Thursday, October 10, 2013

Father/Son Trip

My husband has been out of town for the past three days.  This would be a perfect opportunity for a week of mommies gone wild, complete with wild parties, endless spending and copious amounts of alcohol with my mommy friends.  Except, that I still have the kids with me.

Actually, I only have the girls.  My husband took off with my son (my favorite, don't tell the others*) to spend some father-son time together.  They are having a blast, by the way!  I, on the other hand, have been having a mini panic attack every 30 minutes since they've been gone.

It's not that I don't trust my husband.  After all, this is some well deserved father/son bonding time that they really haven't had a chance to have, since I've always been there.  And mom kinda trumps everything for my son.  (See how he's my favorite?)  To use my husbands words exactly, "What's there to worry about?  He'll be with this father."
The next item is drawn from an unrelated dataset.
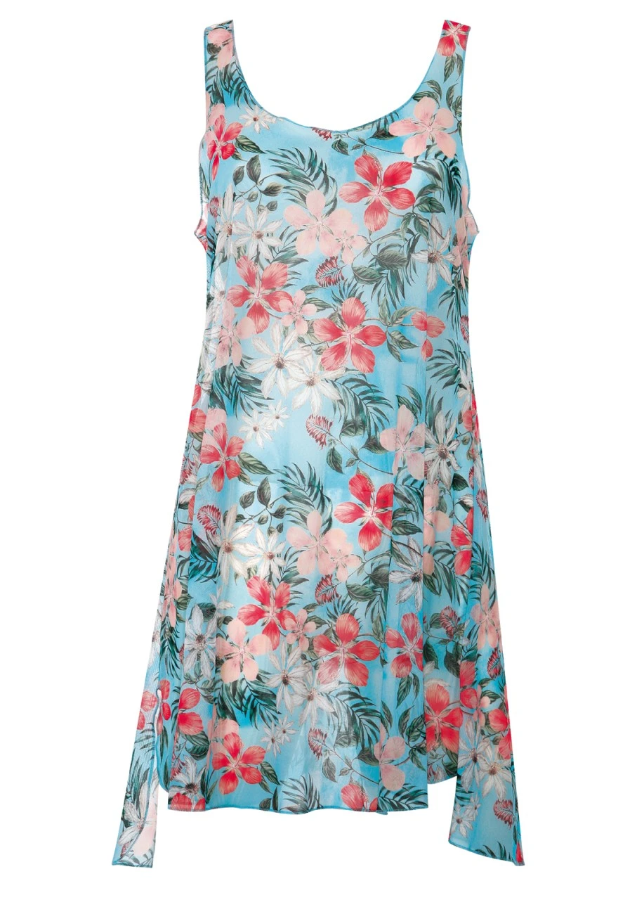 Wundervoller Hawaiiprint mit tropischen Blumen und Palmblätter auf zartem Himmelblau. Ein romantisches und feminines Design, dass Sie sofort in Urlaubsstimmung bringt. Bezauberndes Mini-Kleid mit Rundhals-Ausschnitt und leichter A-Form. Das semitransparente, figurumspielende Kleid besticht durch seine Leichtigkeit und ist ein perfektes Cover-up für Strand, Pool oder Beachbar.

Yeah, that's the part that worries me.  Again, it's not that my husband isn't brilliant.  In fact, he is like over the top smart that brings a whole new level of number nerd I never thought possible. Not to mention how caring and considerate he is and how much he loves his kids, blah, blah, blah.  It's more like he just doesn't think to do certain things pertaining to the children.

Here are some examples that sent me into an hysteria large enough that no amount of labor breathing was going to bring me down.

EX. 1:
Him:  I'm not going to bring his toothbrush.
Me: Why not?
Him:  Because I don't think he should brush his teeth with the water there in case he gets sick.
Me: Oh kaaay.  What are you going to brush your teeth with?
silence
Me: You are planning on brushing your teeth, right?
Him: uuuuuuhhhh


EX: 2:
Him:  So we're probably gonna rent a car when we get there.
Me:  Great, so you're gonna bring the carseat?
Him: Nah...


EX. 3:
Him: I don't think I'm gonna get him anything for his ears on the plane.  I'm sure he'll be fine.

Let's just say that there are some things a father (or the working parent) just doesn't think of when traveling with a small child, out of the country.


freakingoutfreakingoutfreakingoutfreakingoutfreakingoutreakingoutfreakingoutfre


It's not his fault!  It's not because he's a bad dad or inattentive, it's because he has never had the experience before.  He's never had to think of these things.  These things have alway just been thought for him.  Anytime we've gone anywhere especially since the babies were born my husband hasn't had to even pack the diaper bag, let alone a suitcase for a 5 day trip.

He's never had to think about what happens if your stuck in traffic longer then you expected, or what happens if you half way through shopping and someone has to go to the bathroom, right.  Now!  He never has to think about the logistics of errand running with an extra human being that makes it their job to touch everything and gets board in a fraction of a nano second.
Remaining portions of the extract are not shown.